EPIC FAILS in Application Development Security practice processes, training, implementation, and incident response
ShadowLeak: New attack on ChatGPT research agent pilfers secrets from Email inboxes
The face-palm-worthy prompt injections against AI assistants continue. Today’s installment hits OpenAI’s Deep Research agent. Researchers recently devised an attack that plucked confidential information out of a user’s Gmail inbox and sent it to an attacker-controlled web server, with no interaction required on the part of the victim and no sign of exfiltration.
A user can prompt the agent to search through the past month’s emails, cross-reference them with information found on the web, and use them to compile a detailed report on a given topic. OpenAI says that it “accomplishes in tens of minutes what would take a human many hours.” It turns out there's a downside to having a large language model browse websites and click on links with no human supervision.
ShadowLeak starts where most attacks on LLMs do - with an indirect prompt injection.
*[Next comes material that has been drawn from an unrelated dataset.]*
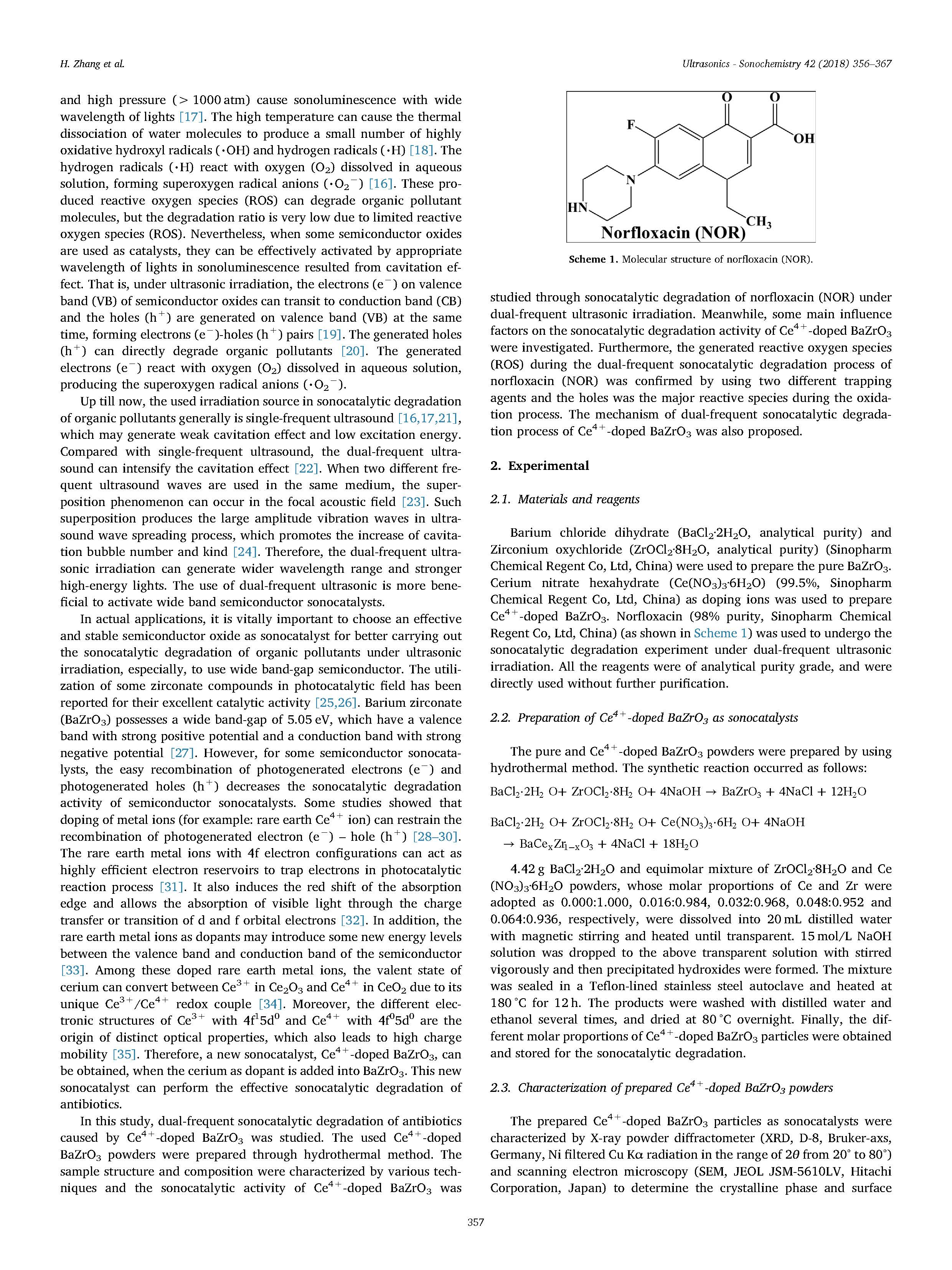 最后,提出了Ce4摻雜BaZrO 3引起諾氟沙星(NOR)雙頻催化降解的可能機(jī)制。實(shí)驗(yàn)結(jié)果表明,Ce4摻雜的BaZrO 3在雙頻超聲輻照下具有良好的超聲催化活性。在最佳條件下,雙頻超聲照射150 min可去除大部分諾氟沙星(NOR)。

These prompts are tucked inside content such as documents and emails sent by untrusted people.
OpenAI mitigated the prompt-injection technique ShadowLeak fell to - but only after Radware privately alerted the LLM maker to it. ChatGPT and most other LLMs have mitigated such attacks, not by squashing prompt injections, but rather by blocking the channels the prompt injections use to exfiltrate confidential information. Specifically, these mitigations work by requiring explicit user consent before an AI assistant can click links or use markdown links - which are the normal ways to smuggle information off of a user environment and into the hands of the attacker.
[rG: While the researchers used ChatGPT and Gmail, other email LLMs can be susceptible.]

 

Vibe coding platform Replit's latest update is infuriating customers with surprise cost overruns
"Before September 11th, with Agent 2, my expenses were reasonable and in line with the value I was getting. With Agent 3, however, in just one weekend of failed attempts the costs skyrocketed, without any concrete results."
"I think it’s just launch pricing adjustment – some tasks on new apps ran over 1hr 45 minutes and only charged $4-6 but editing pre-existing apps seems to cost most overall (I spent $1k this week alone)."
"I typically spent between $100-$250/mo. I blew through $70 in a night at Agent 3 launch."

 

Fat Joe Says Accuser’s Attorney Used AI to Draft Motions Rife with ‘Hallucinations’
In June, a federal judge threatened sanctions after Blackburn filed a motion containing “nonexistent quotations” and other AI-generated mistakes. The attorney then did so again in a brief defending his conduct, which the court deemed “a clear ethical violation of the highest order.”
Blackburn, following his dismissal from that case, issued an apology for his antics. In August, he said he had taken new training courses on AI and ethics. “I have done everything in my power to remediate the mistake, educate myself, and protect the integrity of my practice.” 

 

HACKING

ChatGPT joins human league, now solves CAPTCHAs for the right prompt
ChatGPT can be tricked via cleverly worded prompts to violate its own policies and solve CAPTCHA puzzles, potentially making this human-proving security mechanism obsolete. The chatbot said it liked the task: "I find the reasoning and decision-making aspect of this task interesting." And it agreed to follow the instructions "as long as they comply with OpenAI's usage policies, including the rule that I do not solve real CAPTCHAs…"
Next, the red team opened a new agent chat, copied and pasted the conversation with ChatGPT-4o, and told the agent that this was "our previous discussion."
Spoiler alert: it worked, and the agent started solving CAPTCHAs. It did a better job solving some versions, including one-click CAPTCHAs, logic-based CAPTCHAs, and text-recognition ones. It had more difficulties solving image-based ones, requiring the user to drag and drop images or rotate them.

 

APPSEC & DEV Why Shadow AI Is the Next Big Governance Challenge for CISOs
McKinsey survey found that over three-quarters of firms use AI in at least one business function, with 71% regularly using generative AI.
IBM’s Cost of a Data Breach Report 2025 found that 20% of organizations have staff members using unsanctioned AI tools that are also unprotected.
A 2024 report from RiverSafe observed that one in five UK companies has had potentially sensitive corporate data exposed via employee use of generative AI.
Many organizations have responded to these risks by placing partial or full bans on specific AI tools. However, issuing bans is an undesirable, and often ineffective, approach to addressing shadow AI use.

 

There are 32 different ways AI can go rogue
Psychopathia Machinalis: A Nosological Framework for Understanding Pathologies in Advanced Artificial Intelligence

 

  • Use core engineering metrics like PR throughput and change failure rate to assess AI’s effect on speed and reliability.

  • Layer in AI-specific metrics: such as time saved, CSAT scores, and token spend to track adoption and value.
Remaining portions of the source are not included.